Entries supplied:
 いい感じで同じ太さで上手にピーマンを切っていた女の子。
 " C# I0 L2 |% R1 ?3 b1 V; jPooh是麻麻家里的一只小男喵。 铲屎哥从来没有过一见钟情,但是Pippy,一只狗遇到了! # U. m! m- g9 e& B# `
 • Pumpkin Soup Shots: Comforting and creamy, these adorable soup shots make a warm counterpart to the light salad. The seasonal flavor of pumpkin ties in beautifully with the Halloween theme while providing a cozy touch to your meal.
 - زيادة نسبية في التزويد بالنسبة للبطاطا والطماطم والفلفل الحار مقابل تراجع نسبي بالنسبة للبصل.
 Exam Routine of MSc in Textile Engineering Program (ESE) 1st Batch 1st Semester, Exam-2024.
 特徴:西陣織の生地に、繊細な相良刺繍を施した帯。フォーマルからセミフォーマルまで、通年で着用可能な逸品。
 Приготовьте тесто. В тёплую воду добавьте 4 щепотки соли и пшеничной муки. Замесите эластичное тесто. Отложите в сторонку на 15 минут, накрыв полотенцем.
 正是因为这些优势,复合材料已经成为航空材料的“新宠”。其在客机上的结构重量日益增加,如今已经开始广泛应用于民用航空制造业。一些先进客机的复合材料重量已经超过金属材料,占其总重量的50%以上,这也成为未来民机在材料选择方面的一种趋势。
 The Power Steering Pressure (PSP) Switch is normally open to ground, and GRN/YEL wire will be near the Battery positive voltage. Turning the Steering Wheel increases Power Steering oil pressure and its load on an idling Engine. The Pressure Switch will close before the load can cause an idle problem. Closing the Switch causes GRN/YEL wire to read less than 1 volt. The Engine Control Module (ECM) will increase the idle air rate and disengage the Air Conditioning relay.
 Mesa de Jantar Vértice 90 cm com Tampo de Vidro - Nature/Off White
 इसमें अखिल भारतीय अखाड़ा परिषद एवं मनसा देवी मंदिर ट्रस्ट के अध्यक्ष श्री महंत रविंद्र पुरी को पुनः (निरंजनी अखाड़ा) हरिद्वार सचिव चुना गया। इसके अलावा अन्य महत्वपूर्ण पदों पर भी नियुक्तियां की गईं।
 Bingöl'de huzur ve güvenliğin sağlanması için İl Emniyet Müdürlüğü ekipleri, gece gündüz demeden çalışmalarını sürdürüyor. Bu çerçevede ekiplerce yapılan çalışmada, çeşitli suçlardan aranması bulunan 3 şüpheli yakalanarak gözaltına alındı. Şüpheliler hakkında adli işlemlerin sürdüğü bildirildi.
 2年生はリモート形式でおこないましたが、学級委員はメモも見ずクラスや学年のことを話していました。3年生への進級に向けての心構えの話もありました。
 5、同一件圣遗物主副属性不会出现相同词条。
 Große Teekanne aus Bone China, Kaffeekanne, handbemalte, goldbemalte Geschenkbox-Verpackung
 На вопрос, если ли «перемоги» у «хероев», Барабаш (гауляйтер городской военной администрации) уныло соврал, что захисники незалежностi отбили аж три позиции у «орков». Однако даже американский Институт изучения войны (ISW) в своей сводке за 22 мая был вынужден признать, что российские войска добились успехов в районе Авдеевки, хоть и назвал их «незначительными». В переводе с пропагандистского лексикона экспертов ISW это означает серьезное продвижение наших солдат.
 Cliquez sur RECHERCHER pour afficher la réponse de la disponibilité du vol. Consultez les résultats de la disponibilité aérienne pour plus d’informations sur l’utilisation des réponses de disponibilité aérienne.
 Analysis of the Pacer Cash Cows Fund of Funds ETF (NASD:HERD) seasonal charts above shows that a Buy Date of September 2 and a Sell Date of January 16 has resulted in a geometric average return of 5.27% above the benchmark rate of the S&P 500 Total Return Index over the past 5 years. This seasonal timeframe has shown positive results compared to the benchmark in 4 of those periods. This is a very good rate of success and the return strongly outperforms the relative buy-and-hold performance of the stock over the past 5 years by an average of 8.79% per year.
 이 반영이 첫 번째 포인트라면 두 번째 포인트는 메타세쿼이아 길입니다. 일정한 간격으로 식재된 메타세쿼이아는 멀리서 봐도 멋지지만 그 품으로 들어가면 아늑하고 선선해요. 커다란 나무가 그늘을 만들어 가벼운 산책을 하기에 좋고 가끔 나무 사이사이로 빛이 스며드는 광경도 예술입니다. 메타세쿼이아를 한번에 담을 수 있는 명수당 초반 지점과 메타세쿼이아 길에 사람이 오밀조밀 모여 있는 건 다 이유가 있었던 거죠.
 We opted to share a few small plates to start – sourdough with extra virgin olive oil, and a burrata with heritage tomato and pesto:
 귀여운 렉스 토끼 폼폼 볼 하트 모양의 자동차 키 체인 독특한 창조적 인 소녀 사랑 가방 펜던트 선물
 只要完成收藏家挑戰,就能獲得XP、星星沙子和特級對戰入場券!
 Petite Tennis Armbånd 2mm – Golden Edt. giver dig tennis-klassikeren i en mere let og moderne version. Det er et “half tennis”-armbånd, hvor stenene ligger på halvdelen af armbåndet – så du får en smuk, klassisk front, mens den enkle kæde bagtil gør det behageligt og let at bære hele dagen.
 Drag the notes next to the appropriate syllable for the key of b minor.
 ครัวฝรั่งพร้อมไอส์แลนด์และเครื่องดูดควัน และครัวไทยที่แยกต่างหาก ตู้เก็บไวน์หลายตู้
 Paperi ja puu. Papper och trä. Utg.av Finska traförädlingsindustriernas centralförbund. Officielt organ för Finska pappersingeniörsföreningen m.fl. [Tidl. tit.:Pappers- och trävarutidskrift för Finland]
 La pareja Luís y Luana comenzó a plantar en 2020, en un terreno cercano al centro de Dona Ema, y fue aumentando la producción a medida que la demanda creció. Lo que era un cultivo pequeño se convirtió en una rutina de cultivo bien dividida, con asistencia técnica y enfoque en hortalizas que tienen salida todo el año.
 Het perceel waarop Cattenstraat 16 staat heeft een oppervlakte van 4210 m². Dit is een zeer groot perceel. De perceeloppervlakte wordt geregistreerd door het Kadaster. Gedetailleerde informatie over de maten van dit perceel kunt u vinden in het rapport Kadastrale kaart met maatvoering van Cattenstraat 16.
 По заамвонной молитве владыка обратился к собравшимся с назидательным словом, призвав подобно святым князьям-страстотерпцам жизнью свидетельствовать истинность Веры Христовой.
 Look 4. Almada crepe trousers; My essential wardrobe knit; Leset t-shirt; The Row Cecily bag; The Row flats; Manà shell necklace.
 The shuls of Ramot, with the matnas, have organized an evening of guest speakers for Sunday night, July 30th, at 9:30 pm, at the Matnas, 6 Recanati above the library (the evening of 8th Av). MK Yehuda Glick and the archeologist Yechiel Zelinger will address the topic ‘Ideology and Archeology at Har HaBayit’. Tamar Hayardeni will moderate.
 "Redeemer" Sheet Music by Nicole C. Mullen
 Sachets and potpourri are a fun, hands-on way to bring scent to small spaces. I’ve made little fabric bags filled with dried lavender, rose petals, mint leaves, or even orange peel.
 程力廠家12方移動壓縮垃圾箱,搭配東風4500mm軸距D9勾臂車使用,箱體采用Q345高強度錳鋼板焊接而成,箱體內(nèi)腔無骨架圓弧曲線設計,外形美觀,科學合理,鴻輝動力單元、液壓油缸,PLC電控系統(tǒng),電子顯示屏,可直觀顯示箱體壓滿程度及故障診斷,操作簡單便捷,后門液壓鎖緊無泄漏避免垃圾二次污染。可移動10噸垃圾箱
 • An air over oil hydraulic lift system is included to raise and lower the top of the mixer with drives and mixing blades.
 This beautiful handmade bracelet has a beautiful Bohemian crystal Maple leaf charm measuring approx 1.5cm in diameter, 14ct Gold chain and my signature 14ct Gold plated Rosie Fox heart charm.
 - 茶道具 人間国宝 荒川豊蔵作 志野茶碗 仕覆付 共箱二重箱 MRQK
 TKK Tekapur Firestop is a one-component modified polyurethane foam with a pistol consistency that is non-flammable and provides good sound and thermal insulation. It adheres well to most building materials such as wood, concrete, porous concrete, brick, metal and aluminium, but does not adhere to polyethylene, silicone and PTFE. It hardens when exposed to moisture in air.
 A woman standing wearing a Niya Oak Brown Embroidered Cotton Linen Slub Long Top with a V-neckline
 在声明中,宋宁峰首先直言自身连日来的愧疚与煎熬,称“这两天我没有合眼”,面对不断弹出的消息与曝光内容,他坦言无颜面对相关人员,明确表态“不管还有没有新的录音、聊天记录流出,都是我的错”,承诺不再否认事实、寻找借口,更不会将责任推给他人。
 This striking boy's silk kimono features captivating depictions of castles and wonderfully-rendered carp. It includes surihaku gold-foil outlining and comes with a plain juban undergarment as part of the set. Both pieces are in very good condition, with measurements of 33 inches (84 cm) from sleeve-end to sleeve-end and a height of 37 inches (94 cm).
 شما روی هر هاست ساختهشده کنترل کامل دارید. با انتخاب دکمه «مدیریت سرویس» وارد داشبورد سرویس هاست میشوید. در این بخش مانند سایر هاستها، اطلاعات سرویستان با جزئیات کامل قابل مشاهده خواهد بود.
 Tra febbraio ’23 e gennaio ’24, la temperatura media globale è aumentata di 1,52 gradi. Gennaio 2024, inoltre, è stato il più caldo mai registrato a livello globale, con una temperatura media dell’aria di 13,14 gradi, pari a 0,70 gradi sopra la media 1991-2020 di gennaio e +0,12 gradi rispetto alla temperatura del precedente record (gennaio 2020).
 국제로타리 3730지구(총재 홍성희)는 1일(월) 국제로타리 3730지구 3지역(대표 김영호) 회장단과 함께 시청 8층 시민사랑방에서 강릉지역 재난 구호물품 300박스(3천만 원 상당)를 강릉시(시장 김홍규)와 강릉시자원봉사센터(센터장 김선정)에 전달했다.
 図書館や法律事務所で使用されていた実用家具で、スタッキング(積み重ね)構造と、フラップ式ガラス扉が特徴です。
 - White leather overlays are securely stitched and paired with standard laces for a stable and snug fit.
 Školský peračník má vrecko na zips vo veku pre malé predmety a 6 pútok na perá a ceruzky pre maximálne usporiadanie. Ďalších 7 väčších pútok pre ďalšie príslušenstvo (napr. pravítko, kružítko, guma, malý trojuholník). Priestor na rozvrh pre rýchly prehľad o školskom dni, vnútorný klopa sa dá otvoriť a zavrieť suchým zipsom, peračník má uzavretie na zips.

Work to complete:
Show each line of the material above where "White" occurs.

Result of this exercise:
 Mesa de Jantar Vértice 90 cm com Tampo de Vidro - Nature/Off White
 - White leather overlays are securely stitched and paired with standard laces for a stable and snug fit.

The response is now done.